Опустил Иван автомат.
— Твоя правда. Выходи на свет. Может, столкуемся.
— Ну, гляди не испугайся, — сказал бас.
Дрогнули кусты, и вышел из них маленький, сухонький старичок. Борода седая, усы от табака жёлтые. На ногах сапоги высокие. На голове — шапка-ушанка. За плечом охотничье ружьё — двустволка.
Увидели Иван и его товарищи старичка, засмеялись.
— Ага! — прогудел старичок густым басом. — Не боитесь, значит. Храбрые.
— Здравствуй, дедушка, — сказал Иван. — Как тебя звать-величать? Откуда идёшь? Что в лесу позабыл?
— Зови меня Дед-Столет, не ошибёшься. Откуда иду — отсюда не видать. А потерял я в лесу добрых молодцев, не сморчков, не старичков, а лесных боровичков. А вы кто будете, далеко ли собрались?
— Солдаты мы, — сказал Иван. — Попали фашистам в лапы. Да вот ушли. Идём солнцу навстречу.
— Ясно-понятно. Очень приятно. Вас-то я и жду.
— А откуда ж ты про нас знаешь? — удивился Иван.
— По радио передали, по фашистскому, чтобы все части ихние выставили дозоры и засады, ловили пятерых русских Иванов, которые будут к фронту пробираться. А мы — партизаны. Вот меня с добрыми молодцами и послали вас перехватить и в отряд препроводить. В наш. В партизанский.
— А где ж твои добрые молодцы?
— Все здесь, — ответил дед. Сунул два пальца в рот да как свистнет.
Дрогнули кусты вокруг, и вышли из них двенадцать добрых молодцев. Усатые и безусые. Один другого статнее.
— Вот мои добрые молодцы, внуки мои и правнуки, — гордо сказал Дед-Столет. — Однако пора от собак уходить.
Хотел Иван с земли подняться — не смог, ослабел. И товарищи его встать не могут.

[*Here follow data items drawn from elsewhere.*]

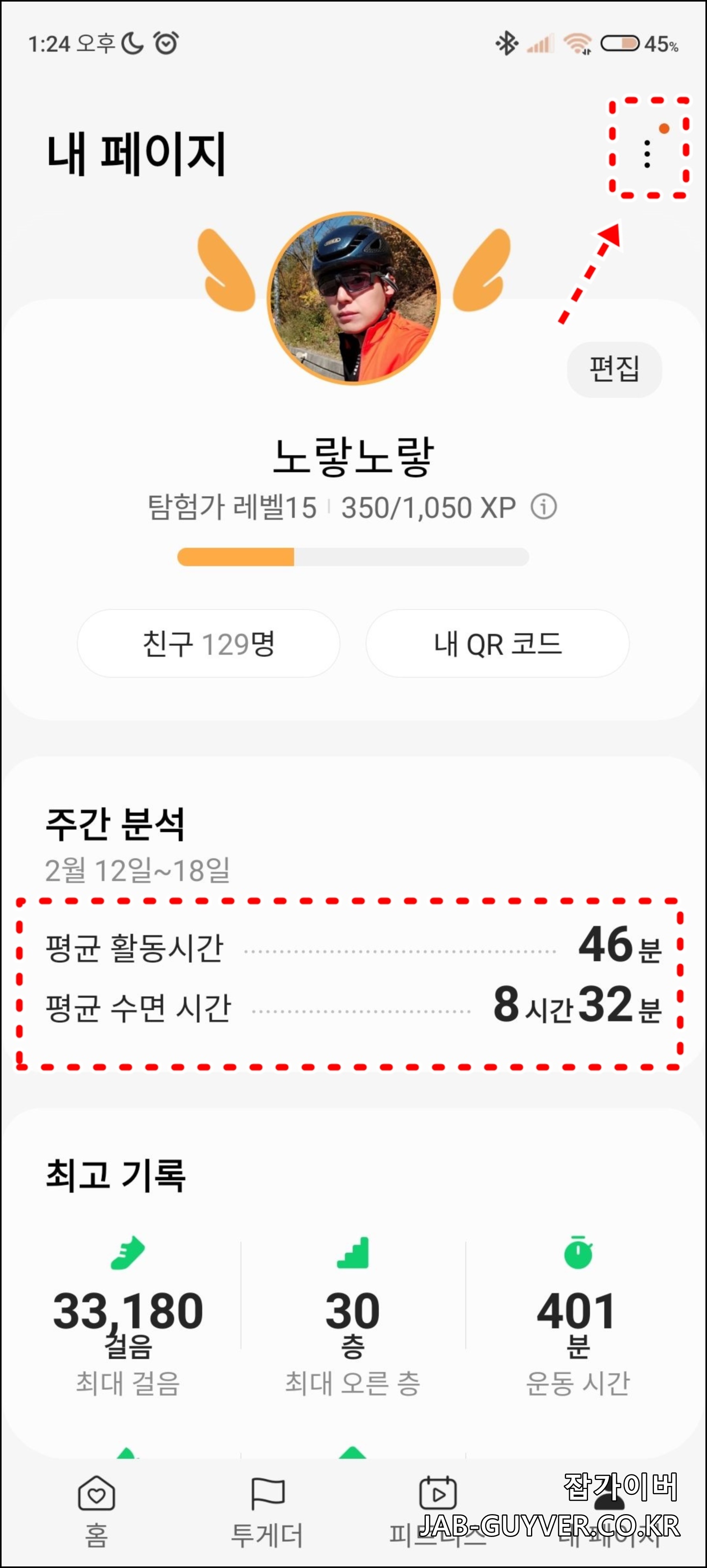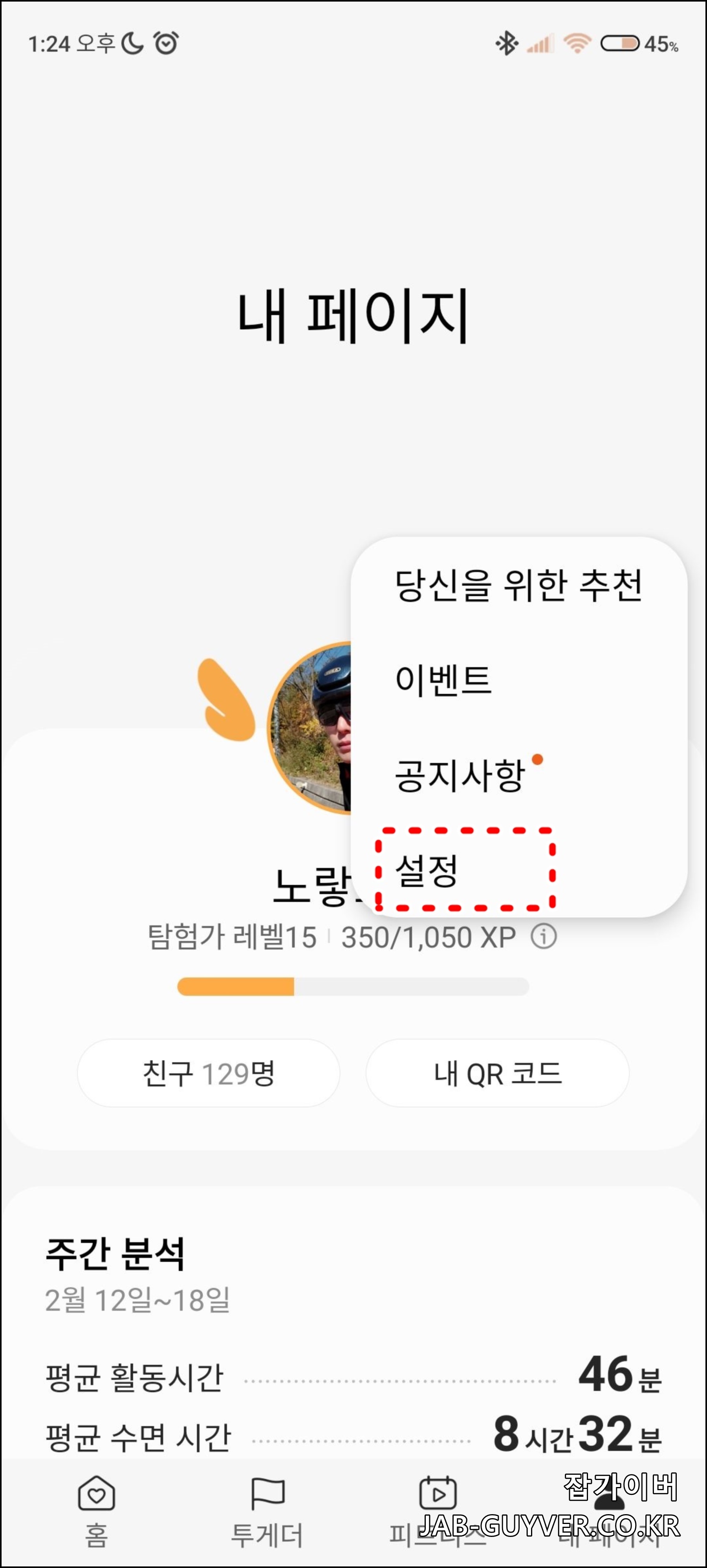 삼성헬스 걸음수 만보계 설정
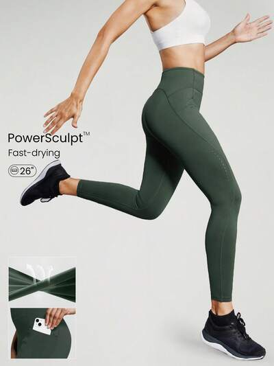 26" PowerSculpt Limitless Adjustable High Waist Leggings With Zipper Pocket Quick Drying
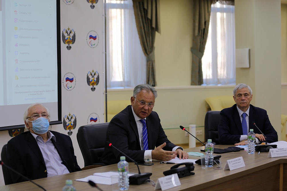 Президент Всероссийской федерации спорта лиц с поражением ОДА, 5-кратный чемпион Паралимпийских игр Андрей Строкин и первый вице-президент Всероссийской федерации спорта лиц с поражением ОДА Павел Рожков в зале Исполкома Паралимпийского комитета России приняли участие в заседание Межведомственной комиссии по развитию адаптивной физической культуры и спорта Совета при Президенте Российской Федерации по развитию физической культуры и спорта под руководством президента ПКР Владимира Лукина.

Подошёл к Ивану самый молоденький из молодцев. Ловко перевязал его рану. А руки у молодца маленькие и белые, будто девичьи. Глаза синие, большие, ласково глядят из-под длинных ресниц.
— Спасибо, — сказал Иван. — Как звать тебя, паренёк?
Покраснел паренёк, отвёл глаза и ответил:
— Алёнушкой.
— Нынче все воюют, — строго сказал Дед-Столет. — Старые и малые. Ребята и девчата. Весь народ. — И скомандовал — Берите гостей под руки. И— в путь!
Взяли партизаны солдат под руки, помогли на ноги встать.
Двое самых высоких Ивану плечи свои подставили. Оперся на них Иван.
Партизаны рядом с ним маленькими показались, будто молодые дубки рядом с могучим дубом.
— Здоров вымахал, — с уважением сказал Дед-Столет и голову запрокинул, чтобы Ивану в лицо глянуть.
— Он у нас, как в сказке: не по дням, а по делам растёт, — сказал Николай.
Повёл Дед-Столет солдат через топи-болота, через ручьи и речки, лесами да перелесками. Повёл тропками нехожеными, кочками неприметными, где ни пешему, ни конному дороги нет.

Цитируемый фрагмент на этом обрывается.